Fazîlet hissi insanlarda Allah korkusundandır.

Yüreklerden çekilmiş farz edilsin havfı Yezdân’ın...

Ne irfânın kalır te’sîri kat’iyyen, ne vicdânın.” demiş.

Bazı insanların yaptığına bakarak onu gören ve duyanların kulakları ve yüzleri kızarırken o ahlaksızlığı yapanın pişkin sırıtması adamın ruhen öldüğünün işaretidir.

“Beni tedavi edin yoksa kendime hakim olamıyorum, zararım herkese dokunabilir” anlamındadır.

Kadın kıyafetine girerek kendini pazarlayan birini polisler yakalamak isterken bıçağını çekip polislerin üzerine saldırırken “Gelin lan, çağın gerisinde kalmışlar” dediğini televizyon haberlerinde dinlediğimde içimin en derin yerinden yaralanırken ben, kendi evimde utandığım için imanımın ve haya hisssimin varlığını gözlerimle gördüğüm için sevinmiştim de.

Başbakan çiller hanımefendi “Kitabına uydurmuşlar, hazineyi hortumlamışlar” dediğinde ima yoluyla hortumcunun tam adresini de vermişti.
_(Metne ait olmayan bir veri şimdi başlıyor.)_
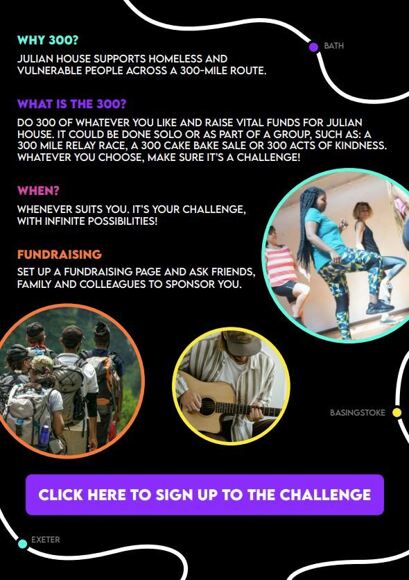 It could be 300 laps of the school field, 300 dance routines, read 300 books, etc...all raising funds for the homeless, vulnerable and at-risk people we support.

Bakalım bu hortumcular insan içine çıkabilecekler mi? diye kendi kendime düşünürken adamlar yine televizyonlarda hortumu kendi kasalarına takmanın faydalarını anlatmaya sırıtarak devam ediyorlardı.
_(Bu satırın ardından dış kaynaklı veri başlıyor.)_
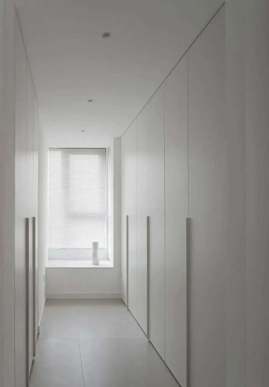 ▲ 步入式衣帽间,两边是顶天地立大衣柜,整个空间都是白色,视觉整洁清爽

Hani Koca Ragıp Paşa’nın dediği gibi “Şecâat arz ederken merd-i kıptî sirkatin söyler” Kıptilerin en yiğidi kahramanlığını anlatırken yaptığı hırsızlıkları anlatırmışya işte öyle bir zamana geldik ki, mal sahibi hırsızdan utanır oldu.

İmanlılar, imansızdan utanmaya başladı.

Ahlaklılar ahlaksızlardan utanmaya başladılar.
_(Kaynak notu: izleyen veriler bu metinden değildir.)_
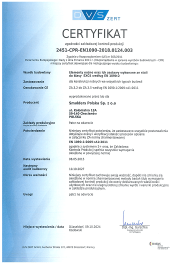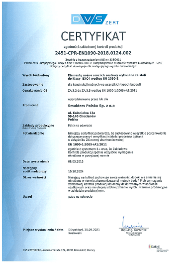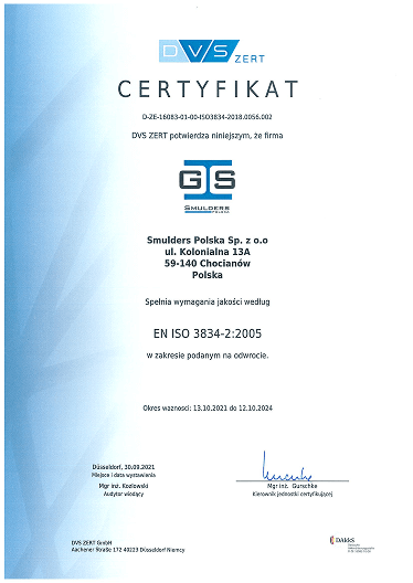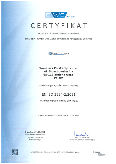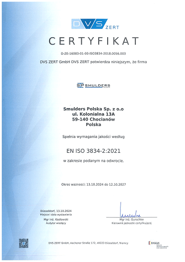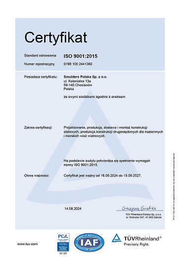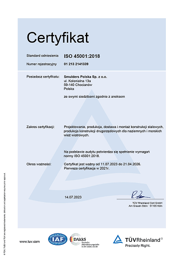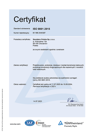 W Smulders Polska stawiamy na najwyższe standardy jakości i bezpieczeństwa, co potwierdzają liczne uzyskane przez nas certyfikaty. Nasza firma od lat angażuje się w doskonalenie procesów produkcyjnych i operacyjnych, zapewniając klientom produkty, które spełniają najbardziej rygorystyczne wymagania branżowe. Prezentujemy nasze najważniejsze certyfikaty, które są dowodem zaangażowania Smulders Polska w jakość, bezpieczeństwo i zrównoważony rozwój.

Fransa’ya konferansa gittiğimde Paris’te sekiz saat kalacağım.

Beni gezdirecek olan arkadaş, Nereleri görmek istersin? Dediğinde Eyfel kulesinde Ezan okuyacağım, Notredam kilisesini gezeceğim, Jorj Popido kütüphanesini yıldırım hızıyla göreceğim, Champelise caddesini baştan sona yürüyeceğim ve Profesör Muhammed Hamidullah beyi görmek istiyorum” dedim ve isteklerimin hepsi yerine geldi.

Champelise’de yürürken yürüyüş şeklini hiç görmediğim kadın tipleri vardı. Kadınların çoğunluğu hanımefendi edasında yürürken ara ara görünen bu tiplerin yürüyüşü dikkat çekiyordu.

Gezdirene sordum “Bunlar kimler?” dedim. Bunlar, kendini pazarlayan kadın veya kadın kılığındaki erkekler” dedi.

Hani “Bu adamlar bu halkın önüne nasıl çıkacaklar” diye hayretler içinde kalıyorsunuz ya işte böyle çıkacaklar.

Hem de diğer iffetli insanlara nispet yaparcasına çıkacaklar.

Şirretliğin para ettiği yıllarda, sövüp saymanın makam getirdiği senelerde iffetli insanlar, farkına varmadan bu türlerin sayısını çoğaltırlar.

Şair, yılgınlığın çoğaldığı, yorgun insanların bol olduğu yıllarda yüksek makamlara kavuşmak için utanmaz bir yüz, tükenmez bir söz ve işitmez bir kulak lazım anlamında şöyle demiş:

“Bu dehr-i pür-teabda nâil-i câh olmağa lâbüd

Utanmaz yüz, tükenmez söz, işitmez bir kulak ister” demiş.
Allah, imanımızı, hayamızı, iffetimizi korusun.